Антимарровская кампания задела и С. В. Киселева, который, по мнению А. А. Формозова, «определял политику в археологии в 1945–1955 годах»[1408]
. Данное утверждение представляется преувеличенным, так как до полноценного лидерства Киселеву недоставало академического звания. Кроме того, как говорилось, волны разгрома марризма задели и его, поэтому безупречной его научную продукцию, с точки зрения идеологии текущего момента, назвать было нельзя. То же можно сказать и о П. Н. Третьякове, который увлекся партийной и административной карьерой, хотя и получил в 1950 г. пост главного редактора «Вопросов истории». Другой «тяжеловес», С. П. Толстов, возглавив Институт этнографии, все больше склонялся к этнографическим исследованиям, являясь официально главным (после Сталина, конечно) в этом направлении.Таким образом, из звезд первой величины оставался относительно молодой Б. А. Рыбаков. После войны археолог «был в расцвете своего таланта… Молодой еще, энергичный и обаятельный, он был общим любимцем»[1409]

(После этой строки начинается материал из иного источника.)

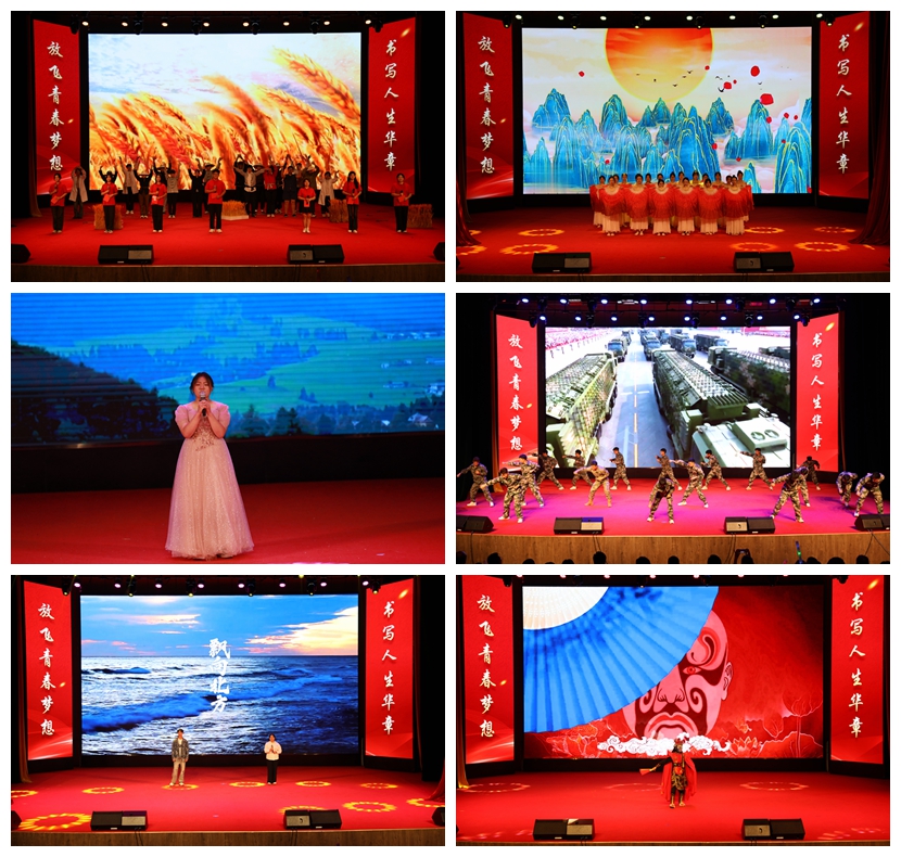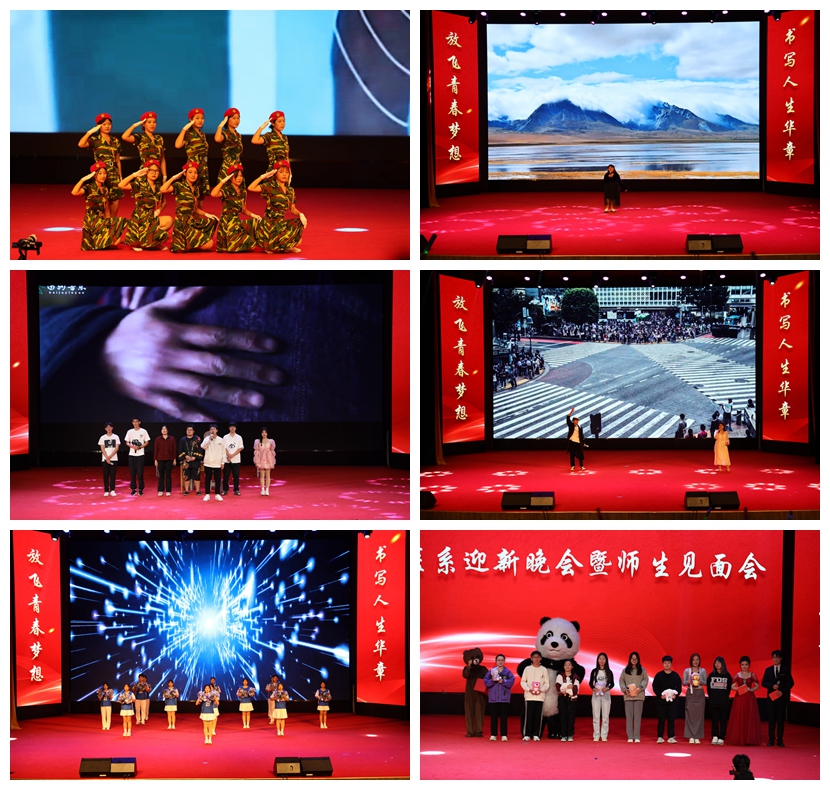 晚会在农林牧医系育人成果展示和老师们的寄语视频中拉开了帷幕。经典诵读《希望的田野》展现了党和国家对“三农”问题的高度重视,体现了坚持把解决好‘三农’问题作为全党工作重中之重,举全党全社会之力推动乡村振兴的决心;舞蹈《万疆》通过优美的民族舞蹈表达了对祖国山河的热爱与眷恋;一首《漂洋过海来看你》回味了青春的纯真过往;舞蹈《中国军魂》体现了中国军人坚定、豪迈、一往无前的品质;歌曲《飘向北方》唱出了现代大学生的青春活力和理想追求;国粹艺术《川剧变脸》展现了中国文化的深厚底蕴和艺术魅力;互动游戏更是将晚会一次次推向高潮;舞蹈《军中姐妹》让观众体会到女兵的英姿飒爽;一首《火红的萨日朗》展现了当代大学生的激扬和热情;小品《时间都去哪儿了》用幽默风趣的表演方式,演绎了时间从指间无声地流逝,提醒同学们要珍惜时间,学会感恩;歌曲《泡沫》让全场观众回味了美好的中学时光,并对大学生活有了新的憧憬;晚会在充满青春活力的啦啦操《星辰变》表演中落下帷幕。

. Для лидерства у него было все. В первую очередь Сталинская премия, присужденная за классическую работу «Ремесло Древней Руси». Рыбакова поддерживал Б. Д. Греков. Недоставало только одного: академического звания и крупного руководящего поста. В сложившихся условиях именно Рыбаков наиболее активно начал разрабатывать схему генезиса древнерусской народности с учетом итогов языковедческой дискуссии.Проблема древнерусской народности, ставшей колыбелью русских, украинцев и белорусов, традиционно вызывала острый интерес в среде советских историков[1410]

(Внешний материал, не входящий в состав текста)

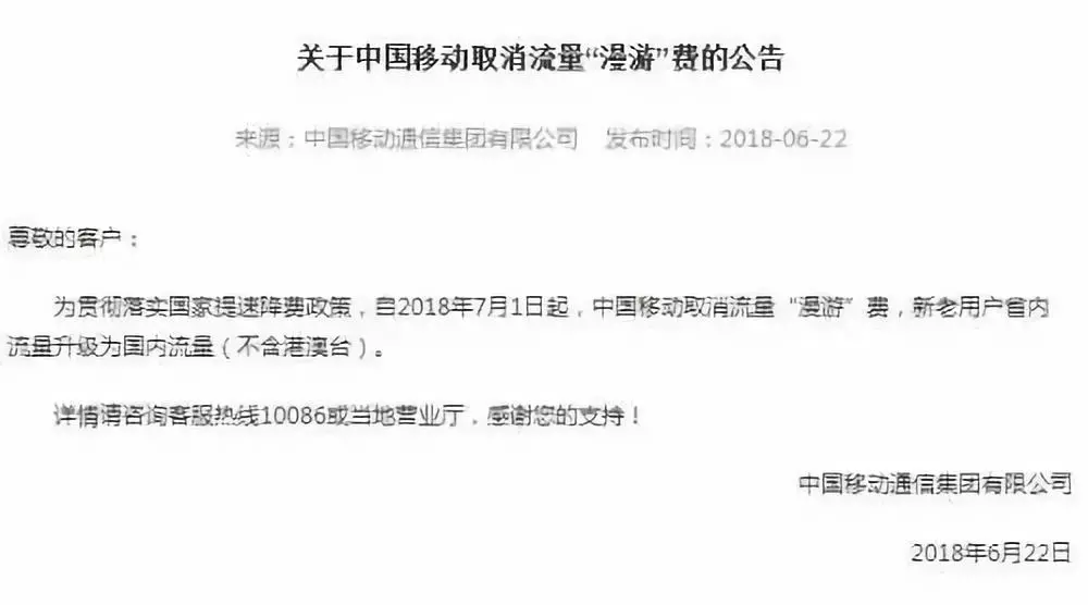 7月1日起取消流量“漫游”費(fèi)

. Но именно языковедческая дискуссия сыграла определяющую роль в интенсификации исследований в этом направлении[1411]. По мнению украинской исследовательницы Н. Н. Юсовой, фоном для изучения древнерусской народности оказался надвигающийся юбилей «воссоединения» Украины с Россией. Поэтому легитимация термина «древнерусская народность» приобретало мощное политическое звучание[1412]. Некоторые сотрудники Института истории, в частности Л. В. Черепнин и А. Н. Насонов, принимали участие в Междисциплинарном совещании «Методология этногенетических исследований в свете сталинского учения о языке»[1413].Первоначально инициативу хотел захватить ленинградский историк В. В. Мавродин. Причем, именно он впервые применил термин «народность»[1414]

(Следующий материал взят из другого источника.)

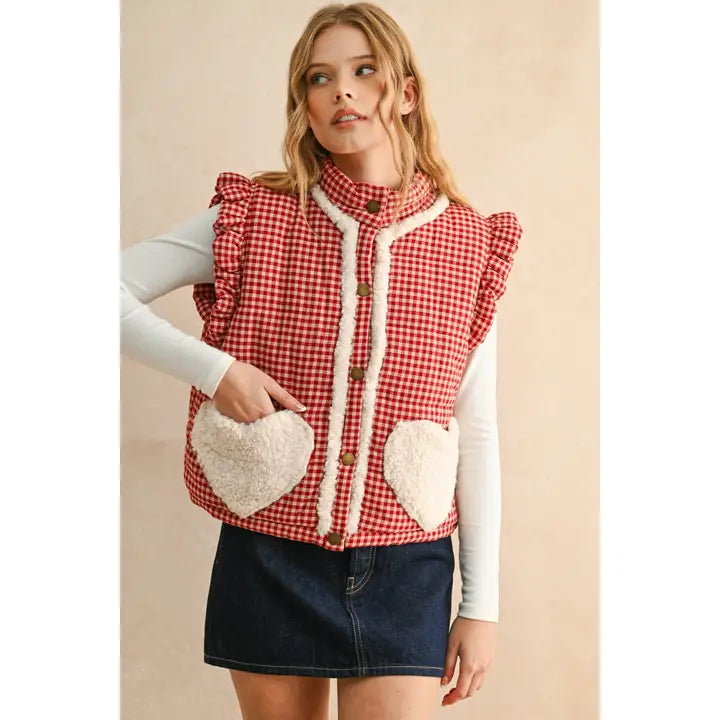 Gingham Heart Sherpa Pocket Vest

. Его статья, посвященная этническому развитию русского народа, появилась еще до языковедческой дискуссии и являлась частью дискуссии о периодизации русской истории[1415]. Новая дискуссия также могла укрепить пошатнувшееся после идеологических кампаний конца 40-х гг. положение историка, когда он вынужден был покинуть пост декана исторического факультета ЛГУ. Мавродин подготовил доклад, который первоначально был представлен 11 ноября 1950 г. на заседании кафедры истории СССР исторического факультета ЛГУ. 1–2 февраля 1951 г.[1416] Мавродин выступил с чуть скорректированным докладом на заседании сектора истории СССР до XIX в. Института истории. Во встрече участвовали не только сотрудники сектора, но и приглашенные лингвисты. Основные идеи заключались в следующем. Историк относил появление древнерусской народности к VIII–IX вв. и связывал с распадом первобытнообщинного строя и развитием феодальных отношений. Данные процессы привели к образованию Древнерусского государства с общим государственным языком[1417]. С конца XI — начала XII в. в условиях феодальной раздробленности начался «государственный» распад древнерусской народности, решающую роль в котором сыграло татаро-монгольское нашествие. Развитие производительных сил на северо-востоке и северо-западе Руси, наблюдавшееся в XIV–XV вв., привело к формированию централизованного государства, ставшего основой великорусской народности. Мавродин подчеркивал качественное отличие великорусской народности, обусловленное более высоким уровнем развития производительных сил, перед древнерусской.Касаясь вопроса о языке, ученый нарисовал следующую схему: «Образование русской народности происходило на древней территории кривичей, ильменских словен, вятичей и северян. Ведущая роль в формировании великорусской речи принадлежала среднерусским диалектам, хотя определенную роль сыграли также диалекты северорусские и диалекты населения северской земли, близкие к южнорусским и среднерусским диалектам»[1418]
. Итак, основой новой народности оказались в первую очередь носители среднерусских диалектов. Это прямо противоречило сталинским рассуждениям о курско-орловском диалекте.